«Magari Tav!»

A poca distanza da casa mia sorge - perché proprio non ne può fare a meno - una stazione delle leggendarie Ferrovie Nord Milano, che oggi non si chiamano più Ferrovie Nord Milano ma non importa perché tanto le chiamano tutti «le Nord». Ebbene, da un paio di giorni sul muricciolo che costeggia la linea è comparsa una scritta in imperativo spray nero: "No Tav".
Ora, se vogliamo protestare contro i "Treni ad alta velocità", possiamo anche protestare contro i "Treni ad alta velocità", e tuttavia vorrei sottolineare che non si può farlo scrivendo "No Tav" su un muretto delle Nord, perché scrivere "No Tav" su un muretto delle Nord è come disegnare un teschio e ammonire "Chi tocca muore" su una confezione di pile. La gente in attesa sulla banchina, spazientita dai costanti ritardi, è lontana dal pensare "No Tav": più probabilmente pensa «Magari Tav!» La mano anonima che ha vergato lo slogan avrebbe dovuto riflettere prima di premere l’apposita capsula della bomboletta, perché nulla quanto il ridicolo danneggia una vibrante protesta.

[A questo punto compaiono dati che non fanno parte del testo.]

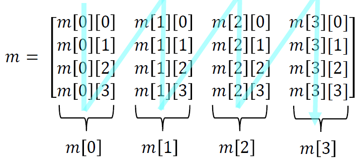 OpenGL 의 행렬은 column - major 방식으로 사용한다.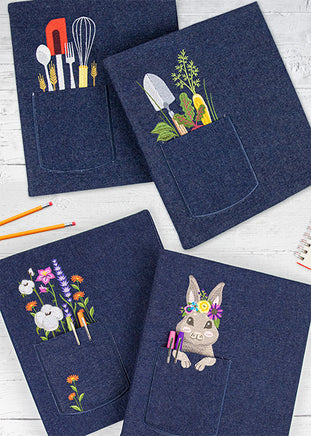 Let your notebook covers be bold and beautiful to show off your personality! With 10 notebook covers to choose from, you can organize and decorate all the binders and notebooks you need. Follow our step by step instructions to find out how to make the perfectly sized cover for a 1 1/2” three ring binder! Use the kitchen themed cover on your recipe notebook to protect your book from kitchen disasters and look good doing it. Or make a cute cover for your kid’s school binders. There’s a cover for everybody in this collection, whether you’re an artist, animal lover, or gardener extraordinaire! Each cover is fully embroidered, so all you need to worry about are your thread colours and the fabric you want to use for your cover.

A dirla tutta, se la protesta diventa ridicola non è più neppure vibrante; non vibra proprio per niente e, anzi, si ammoscia. Lo dico perché, in giro, c’è aria di protesta: non necessariamente contro la Tav e, forse, per motivi anche più importanti della Tav. Ma di protestare con slogan sui muri, nei cortei e negli scontri sembra, per qualche ragione e per fortuna, che non siamo più capaci. Vuoi vedere che, per ottenere qualcosa, ci toccherà protestare con ragione, civiltà e coerenza?